Not satisfied with just creating enormous levels of destruction through their role in weapons production, Thales also helps secure borders. The defence giant produces surveillance drones and operates the Eurodac system, a biometric security database that holds information about every asylum seeker in the European Union. This technology not only denies safety to refugees fleeing from war, climate change, and other disasters, but also dehumanises them by encroaching on their privacy.
Thales wants to increasingly integrate itself into university faculties and research teams, promising an expansion of their insidious presence on campus. University management, not satisfied with last year’s $1 billion surplus, is constantly looking for ways to turn a profit and help gear the University towards what Australian industry, and the military in particular, demand — particularly given rising imperialist tensions. USyd management is clear that increasing the amount of defence research that takes place on campus is a key objective.
Our university should play no part in increasing the number of lives lost in murderous wars and armed interventions across the world. Militaryfunded research and coursework will also be expected to demonstrate military value. When alternative sources of university funding (read: government funding) are crowded out by arms dealers, students and academics are forced to play a part in Australia’s increasing push for militarisation.

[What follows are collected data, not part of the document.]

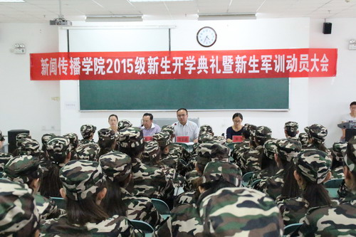 2015级新生开学典礼暨新生军训动员大会在文科楼324教室隆重召开,电影先生
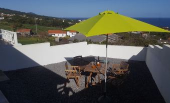 Large and cozy terrace over the garden with a spectacular view of the village of Sao Roque and the neighboring island of Sao Jorge.
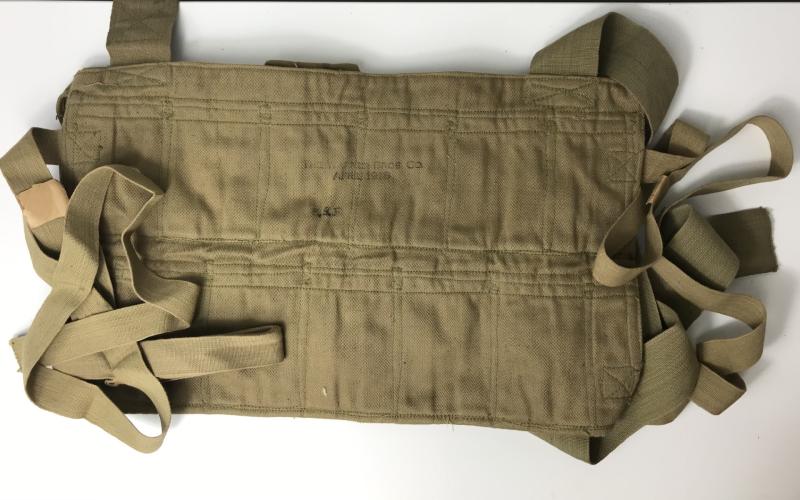 This is a unissued grenade chest carrier which was introduced in 1918 and continued to be used during WW2. This example is dated April 1918.
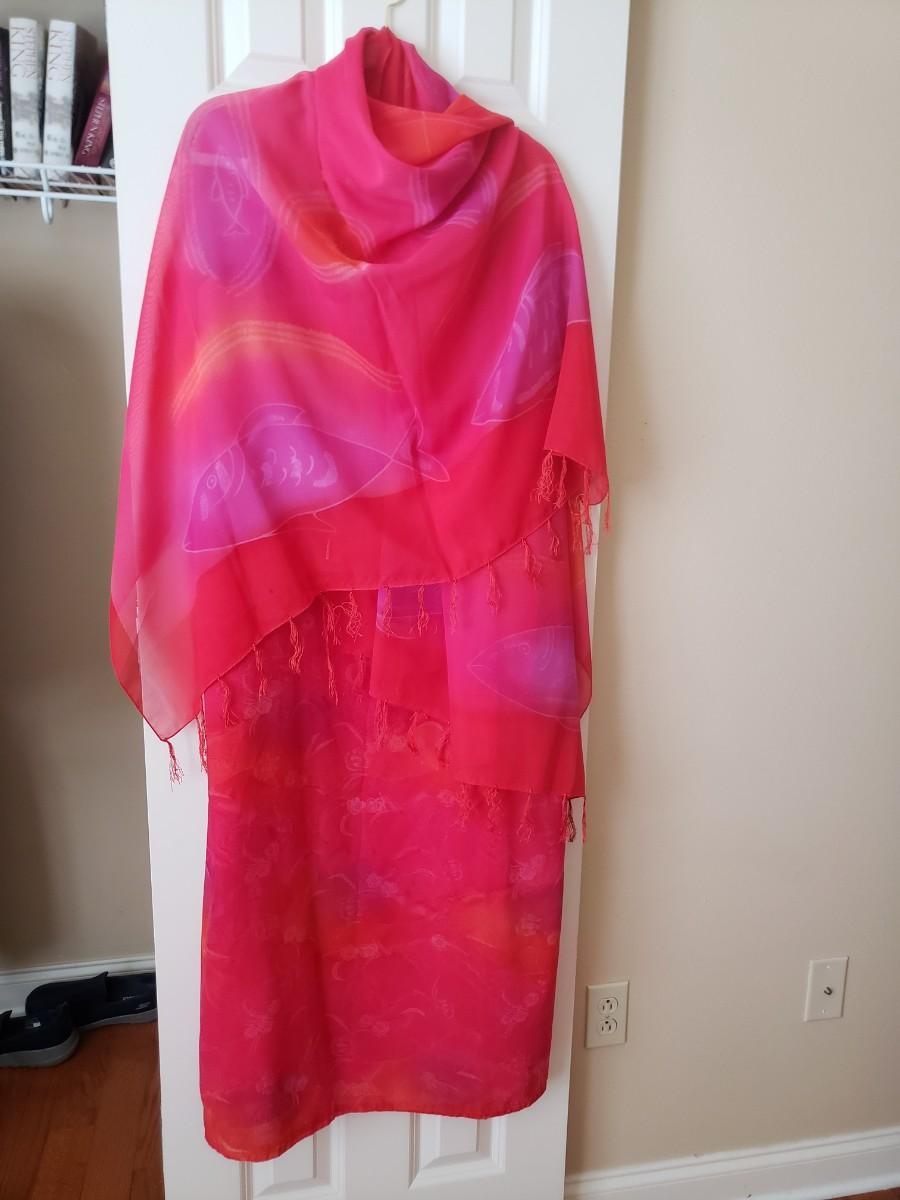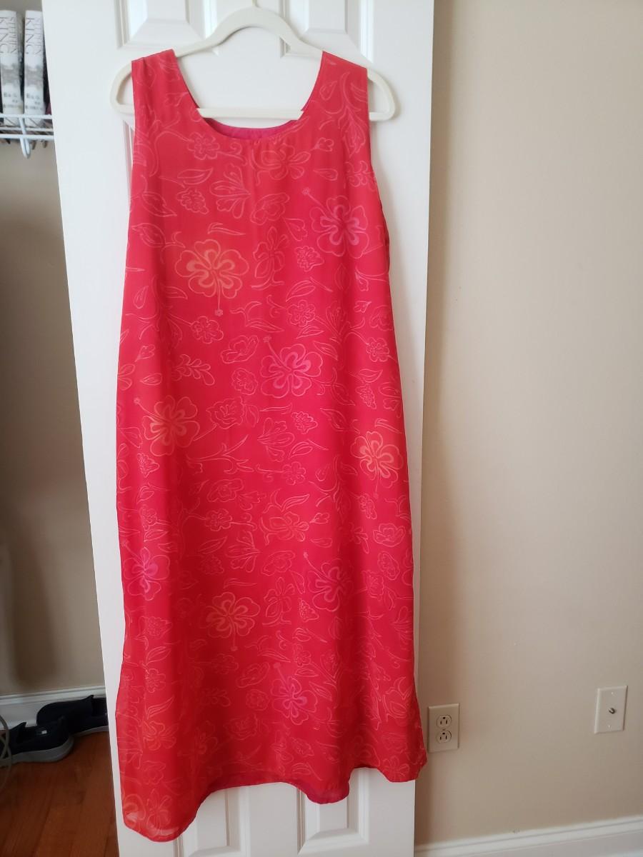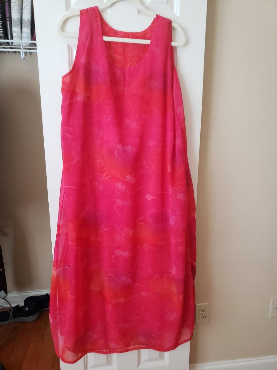 Rima Beachwear reversible sleeveless dress with scarf/wrap. Magenta & red colors. Size L.
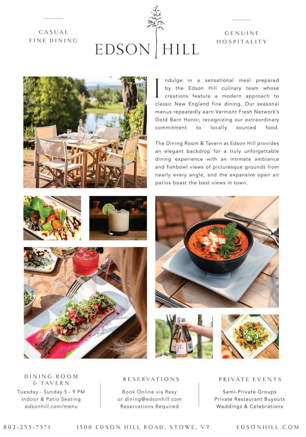Edson Hill offers you an exclusive, quintessential Vermont country estate with picturesque views, 22 luxurious guestrooms, and a talented culinary team to help create the wedding of your dreams. edsonhill.com, (802) 253-7371.
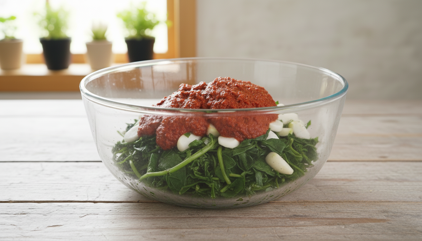 양념은 총각무 알타리김치 담는법에서 가장 중요한 부분입니다. 김치의 첫맛부터 익었을 때의 뒷맛까지 좌우하는 요소이기 때문에 배합 비율이 매우 중요합니다.
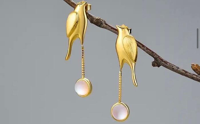 燕/ツバメとムーンストーンのピアス/フェイクストーン/スターリングシルバー925/ゴールドプレート/デザイナーハンドメイド

This will fundamentally stifle the ability of students and staff to engage in education as a social good, which should be the institution’s primary aim.
As students, we shouldn’t be forced to take part in weapons development, or maintain silence while university management gears research towards this destruction. Management cares most about their bottom line and propping up the Australian war machine. On the other hand, we have an interest in free, quality education which is primarily about improving the society we live in.
“As the collaboration develops,” they note, “both parties intend to embed staff within each other’s organisation to accelerate the translation of research and development into solutions that bring impact to the community, particularly focusing on national security outcomes.”
There are an increasing number of projects on campus explicitly geared towards furthering the ability of the Australian armed forces to wage war. Further, even seemingly harmless coursework, well outside of transparently militaristic projects, may involve training AI or developing some part of a military system for ulterior defence motives.
If we want management to cut ties with Thales, we are going to have to fight for it. The University should tear up its renewed agreement with Thales, get rid of all joint projects, sack Belinda Hutchinson, and redirect money from military partnerships into free, quality education that exists for the good of humanity.
This is why in order to win, we need all the help we can get. Management cheerfully tells us that weapons development helps “make Australia and the world a better place to live”. They are not going to change their minds unless we force them to.